People are not buying new PCs if they can avoid it, which explains why Windows “11” uptake barely registers, and I’m sure they had to sneak it in using Dark Patterns or middle-of-the-nigh “What the hell happened to my computer while I was sleeping!?!?!?” like they did to get Windows 10 out.

If you look in the release notes of each Windows “major update” you start to see things like the removal of stuff that hasn’t even done anything in 20 years, or you weren’t supposed to use it and the only user was malware.
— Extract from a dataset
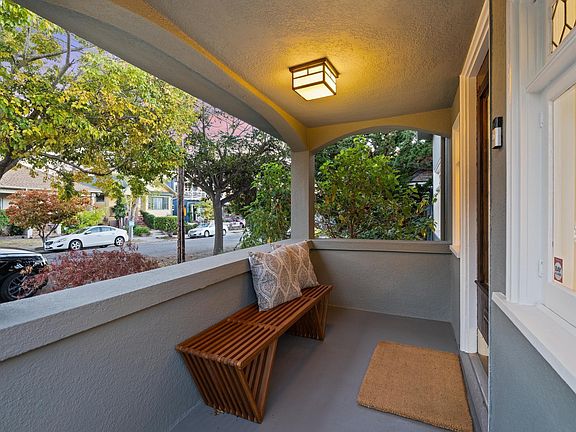 Wonderfully located in the heart of Rockridge, this 3BD/2BA is a true Craftsman gem that captivates with its classic artistry, serene gardens, and lively urban setting. The 1281 SQFT home welcomes you with an English garden and a friendly covered porch displaying some of the home’s extraordinary leaded and custom stained glass windows. Step inside and take in the architectural details with Victorian Art Nouveau touches: unique vintage windows, a statement fireplace, arched doorways, and bench window seating. Two sunny bedrooms share a full bath, and the bright primary bedroom boasts ample closet space, a bay window overlooking the backyard, and adjacent full bath. The kitchen features a vintage stove, recessed lighting, and access to the backyard. Surrounded by flowering vines on trellises and mature trees, a spacious deck allows you to relax outside with your morning coffee or dine al fresco with friends, while the grassy yard is perfect for playtime or lounging in the sun. The finished garage offers an additional space ready as an office, artist's studio, or guest space. A long tandem driveway completes the property. Shopping, dining, and BART are blocks away. Zoned for A+ Chabot Elementary, Claremont Middle, and Oak Tech High (currently per OUSD).
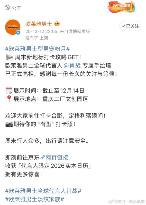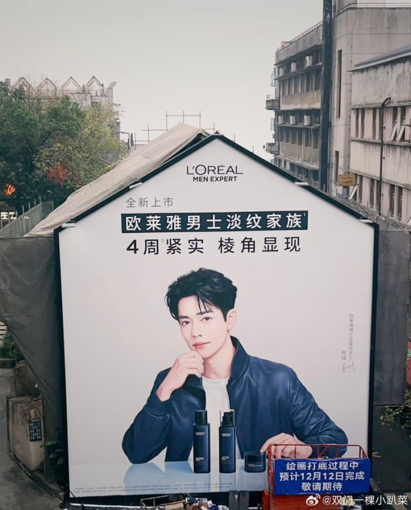 欧莱雅男士官宣肖战为全球代言人,重庆手绘艺术墙亮相

Only in 2019 did Microsoft purge the last remnants of Outlook Express, which hadn’t even done anything as a functional program since Windows XP. Only in 2021 did they remove syskey.exe, which is from Windows NT 4, iirc, because tech support scammers were using it to lock you computer and demand money.

But they’re sort of poking around the corners, leaving the worst of it behind, and adding pointless new iterations instead.

They have 5 terminals, 3 Web browsers, and two GUI shells, and part of a third shell.

One of the three browsers is a relic from the 1990s that got foisted on people for a long time even though they hated it, and is still there, they just lied about “removing” it, but it’s not really removed.

The EdgeHTML engine is still there, you’re just not allowed to use it now. But it’s there.

Then they brought in a completely new disaster packed with spyware also called Edge. They based this one on Chrome. Edge is a password steal, adware, and the least private Web browser.

The Classic Control Panel is still there. The one from Windows 7. Using it, you can actually get Internet Explorer to launch as a Web browser, on Windows “11”. So none of that has actually been removed either.

So this Windows 11 crap is piling up sky high and it leaves a lot of attack surface.

Windows 10 was already incredibly bloated, but Windows 11 keeps piling it on. Including an entirely new GUI shell, except…..the old one is there too so things that expect it don’t break. You just can’t see it. Well, except that time there was a bug and you could, and the start menu didn’t work. But Microsoft hid it again in a different update.

In Free Software, we don’t tend to get messes like this, because nobody would put up with it.

When I upgraded to GNOME 43, it runs the GNOME 43 Shell and GNOME 43 applications.

GNOME didn’t just leave GNOME 3’s shell running and hidden, alongside GNOME Panel from GNOME 2.x, and a control center that Novell wrote and last touched in 2011, and the previous version of the Epiphany browser, only it doesn’t start, and it has GTKMozEmbed sitting there based on Firefox 2.

I mean, this is the kind of crap you get in a sad proprietary OS from a failed company like Microsoft. You get this and Telemetry, and then they want to tell you they’re working with some fool called Matthew Garrett to “secure your boots”. Uh huh.

Microsoft still thinks it’s competing with Apple. Apple isn’t selling $249 laptops at Walmart that can barely run the Mac OS.